My first ever vulnerable VM was released on Vulnhub on 3rd of November 2018. It took a few months from the time I created it and submitted it, until the time it appeared on Vulhub, but its there! Since appearing on Vulnhub it has been downloaded a few times and a number of people have cracked it and let me know via Twitter. I am also starting to see a few write ups appear on various blogs which is great.

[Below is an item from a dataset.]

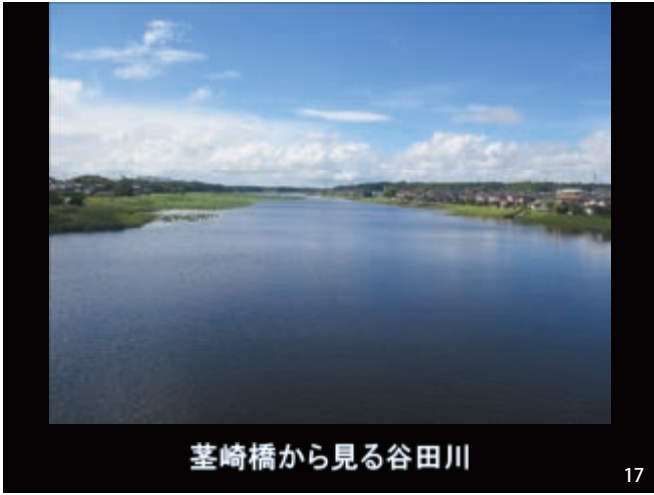
荃崎橋から見る谷田川

What I have discovered, is that people are actually not going about this machine in the way I intended. Ultimately that is my fault. Raven was built with a beginner in mind. It was actually designed to be available for a class I was teaching, I spent quite some time crafting these nice methods for people to get in to then realise it was probably a bit hard for a beginner. So I add in a few extra ways for people to get in.
What I love about Hackers is that they often find the path of least resistence. This means everyone attacking Raven is going about it the easy way and ignoring the ways I spent so long crafting. Well…. no more. In Raven 2, Raven Security has discovered they are victim to a number of security breaches. So they have tightened up security to prevent hackers from getting in. Can you still get access to Raven?
Again, there are four flags to capture. If by chance you were someone who did the original Raven the hard way, then you may not get a lot out of Raven 2. However, if you got in the easy way - Give Raven 2 a crack.
I have submitted to Vulnhub, but until it appears on their site, you can Download The VM from my Google Drive.